McGill University, 845 Sherbrooke St W, Montreal, Quebec H3A 0G4, Canada.
INRIA.
Gigascience. 2021 Sep 28;10(9). doi: 10.1093/gigascience/giab055.
Machine learning brings the hope of finding new biomarkers extracted from cohorts with rich biomedical measurements. A good biomarker is one that gives reliable detection of the corresponding condition. However, biomarkers are often extracted from a cohort that differs from the target population.
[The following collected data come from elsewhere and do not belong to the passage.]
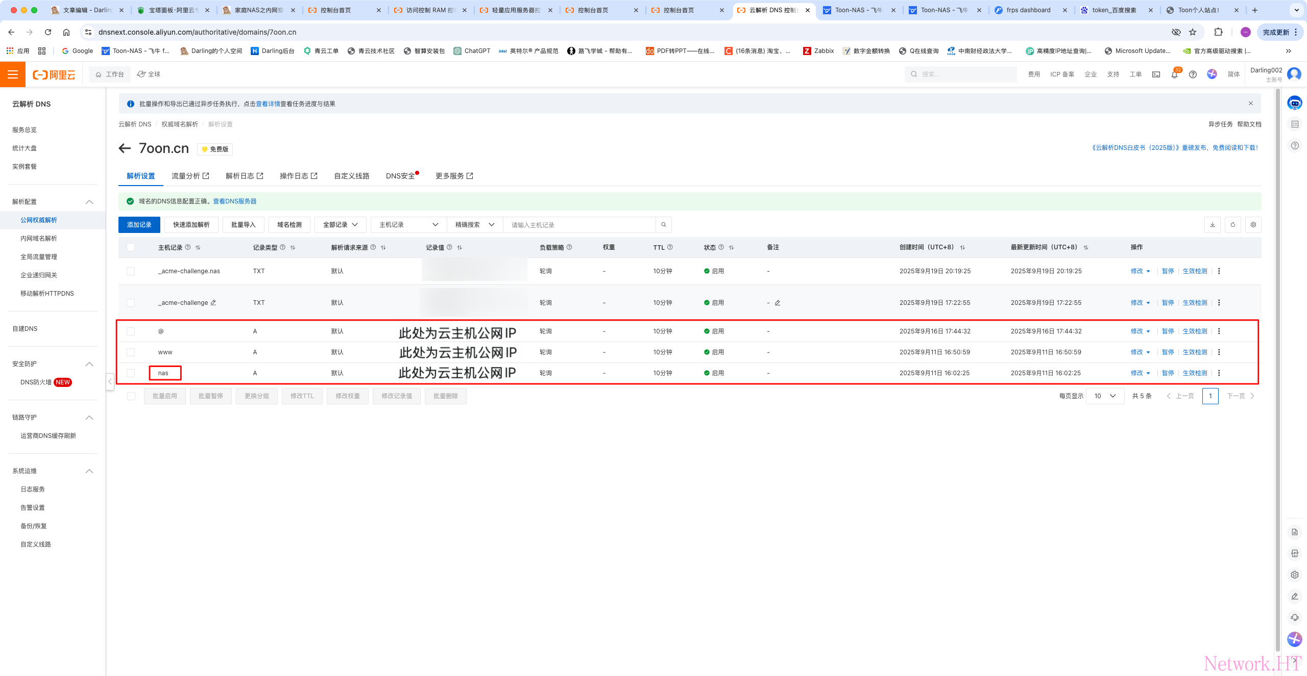 对应nas的二级域名解析(此处可更改,例如nas.xxx.com,xxx.cn是我的根域名,nas.xxx.com是我想用来访问NAS的域名)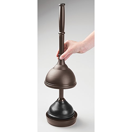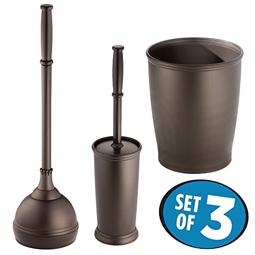 mDesign Toilet Bowl Brush, Plunger, Round Wastebasket Trash Can - Set of 3, Bronze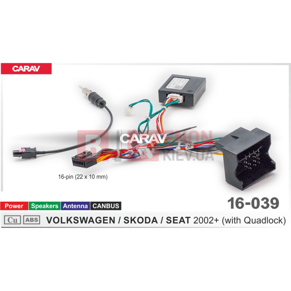 Комплект проводів для підключення 9"/10.1" ANDROID-АВТОМАГНІТОЛ (16-pin) для VOLKSWAGEN-SKODA-SEAT 2002+ (all with Quadlock) / Power + Speakers + Antenna + CANBUS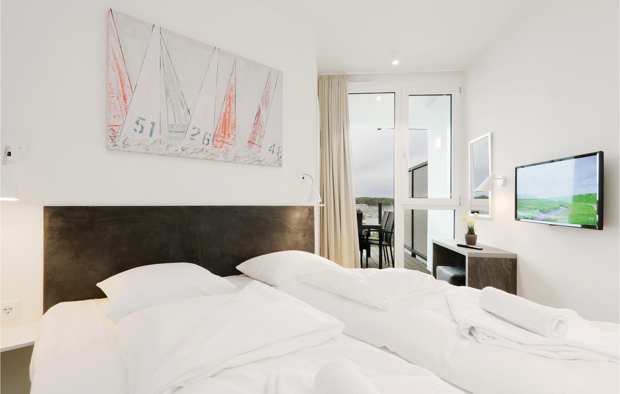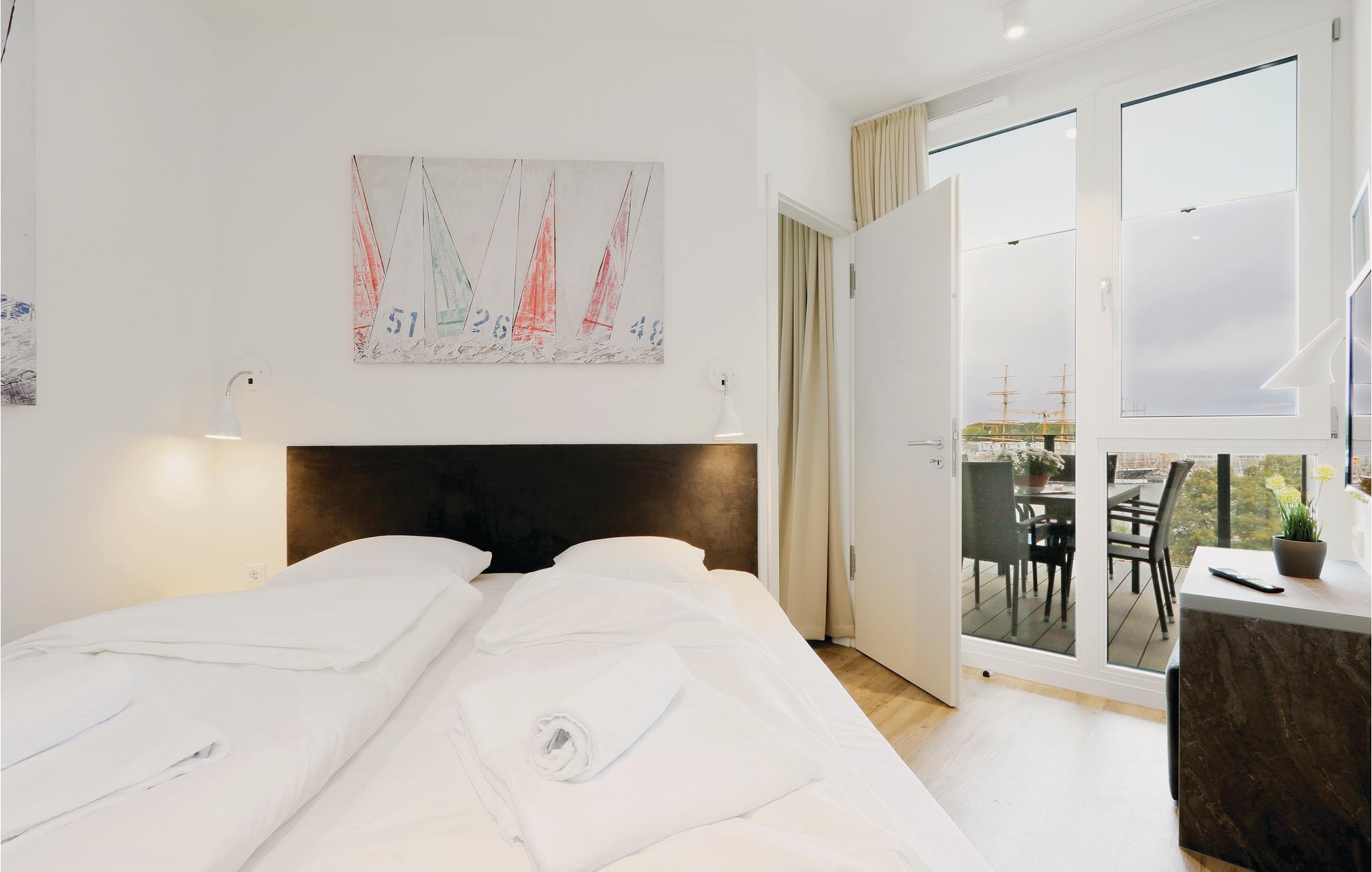 Ihre Ferienwohnung befindet sich im 5. Obergeschoss der Anlage, weshalb Sie eine einmalige Aussicht genießen. Von hier aus können Sie auf den Priwall, den Sandstrand sowie die Hafenausfahrt mit den vorbeiziehenden Schiffen blicken.

Such a mismatch, known as a dataset shift, can undermine the application of the biomarker to new individuals. Dataset shifts are frequent in biomedical research, e.g., because of recruitment biases. When a dataset shift occurs, standard machine-learning techniques do not suffice to extract and validate biomarkers. This article provides an overview of when and how dataset shifts break machine-learning-extracted biomarkers, as well as detection and correction strategies.
机器学习带来了从具有丰富生物医学测量数据的队列中提取新生物标志物的希望。一个好的生物标志物是能够可靠检测相应条件的标志物。然而,生物标志物通常是从与目标人群不同的队列中提取的。这种不匹配,称为数据集偏移,可能会破坏生物标志物在新个体中的应用。在生物医学研究中,数据集偏移很常见,例如,由于招募偏差。当发生数据集偏移时,标准的机器学习技术不足以提取和验证生物标志物。本文概述了数据集偏移何时以及如何破坏机器学习提取的生物标志物,以及检测和纠正策略。